Atop Azerbaijan's oil boom: Mr. Aliyev
The country's president is overseeing an uprecedented influx of wealth in one of the world's most corrupt countries.
BAKU, AZERBAIJAN
British Petroleum's gleaming, ultramodern Sangachal oil terminal is the face of Azerbaijan that President Ilham Aliyev wants the world to see.
Surrounded by a jumble of derelict Soviet-era oil rigs, the sprawling $350 million facility is an oasis of computerized efficiency. Soon, it will be pumping up to 1 million barrels of Caspian crude daily to thirsty Western markets through the new Baku-Ceyhan pipeline.
Thanks to the gusher of profits as Azerbaijan's new oil and gas fields come onstream, this Caucasus country of 8 million has rocketed in just three years from near-stagnation to become the world's hottest economy. GDP growth will be a dazzling 32 percent this year, according to Economics Minister Heydar Babayev.
"We need to use this unique opportunity to solve our social and economic problems," says Aliyev, speaking to a group of visiting journalists in his office. "We aim to build a strong, independent, economically self-sufficient, politically free state."
But the Moscow-educated, multilingual president has his work cut out for him: Azerbaijan is rated one of the world's most corrupt countries, and critics have voiced concern that the government is ill-prepared to preside over such a massive influx of wealth. But Aliyev, who's seen his state budget quadruple since 2004, insists the expected $150 billion in oil revenues over the next two decades will be put to good use, slashing poverty and unemployment, rebuilding Azerbaijan's crumbling infrastructure, and creating a sustainable, diversified economy.
Aliyev was parachuted into the presidency after the 2003 death of his father, Azerbaijan's longtime strongman Gaydar Aliyev, in polls that few international observers ratified as free or fair. Many experts doubted the former Soviet Union's first political dynasty would last. But the junior Aliyev appears to have successfully held his father's fractious administration together, maintained the friendship of both Russia and the West – while presiding over an exploding oil boom. Last spring, he was invited to the White House for a visit.

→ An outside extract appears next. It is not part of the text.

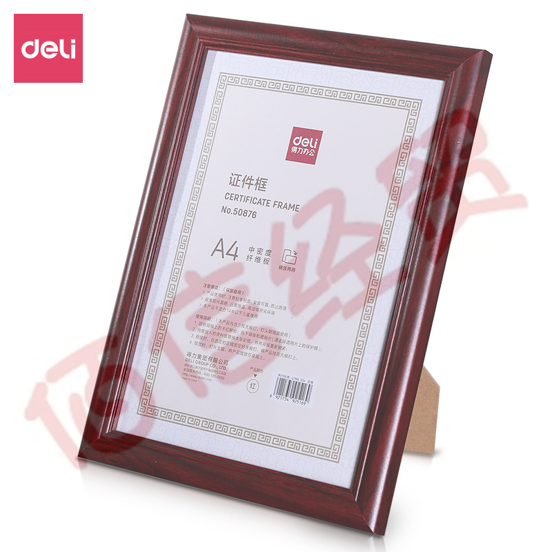 得力(deli)50876 A4營業(yè)執(zhí)照相框證件框 工商稅務(wù)登記證框 橫豎證件相框畫框證書框 紅色5個裝 自營

The view of Baku from Aliyev's desk is a forest of construction cranes and choking traffic jams, with giant oil platforms hulking on the distant Caspian horizon. But beyond the bustling capital is another face of Azerbaijan: impoverished villagers living in shacks with no indoor plumbing, sporadic gas and electricity supplies, and connected to the world by deeply rutted dirt roads.
"Azerbaijan has so much oil and gas, but people can't even get light on a regular basis," says Kamran, a worker from the northern town of Quba, who asked that his last name not be used. He adds that people have little chance to address their grievances through political action. "There will never be an uprising here because people are too afraid. The minute the police find out that someone is starting to complain or organize others, that person will be jailed or beaten," he says.
Many international NGOs that study Azerbaijan appear to share such concerns. "Our authorities are absolutely corrupt, and we can expect nothing good from them," says Leila Yunes, director of the independent Institute for Peace and Democracy in Baku. "Any attempt to assert popular control over the state, through the political process or the media, is immediately crushed."
The New York-based Human Rights Watch says that "Azerbaijan's government has a long-standing record of pressuring opposition parties and civil society groups and limiting critical expression."
Transparency International, which monitors global corruption, places Azerbaijan 137th in a list of 159 countries, while the world media-rights watchdog Reporters Without Borders describes Azerbaijan's situation as "difficult." The Washington-based Freedom House, which rates political openness, this year demoted Azerbaijan from "partly free" to "not free."
But Aliyev questions the accuracy of such judgments.
"I treat these kind of ratings with a high degree of skepticism," says Aliyev. And, like many Azeri officials, he suggests that the negative views of their country originate with Azerbaijan's beleaguered but still highly vocal opposition, which was nearly wiped out in parliamentary polls a year ago, and then violently crushed by police when it tried to protest the election results in the streets of Baku. "We see a complete fiasco of those who pretend to call themselves the opposition in Azerbaijan," says Aliyev. "They've done nothing but criticize, while the government has done a lot. It's the end of their history."
Though international monitors were sharply critical of the 2005 elections, most Western governments, including the US, offered Aliyev only mild reproaches. Opposition leaders accuse them of selling out Azerbaijan's freedom for oil. "Why did the West support the (pro-democracy) revolutions in Ukraine and Georgia but they did not support us here, when we had the chance?" says Sardar Djalai-ogly, deputy chair of the opposition Democratic Party. "Now, we have no democracy at all here."
But that doesn't seem to have affected investor confidence. British Petroleum, which has managed most of Azerbaijan's oil and gas projects since the mid-1990s, gives Aliyev high marks for maintaining stability in a dangerous neighborhood. "BP has stayed here through very difficult times," says Rashid Javanshir, vice president of BP-Azerbaijan. "The desire of the government to make this work has been key to our decision to stay. Conditions are very favorable to foreign investors here."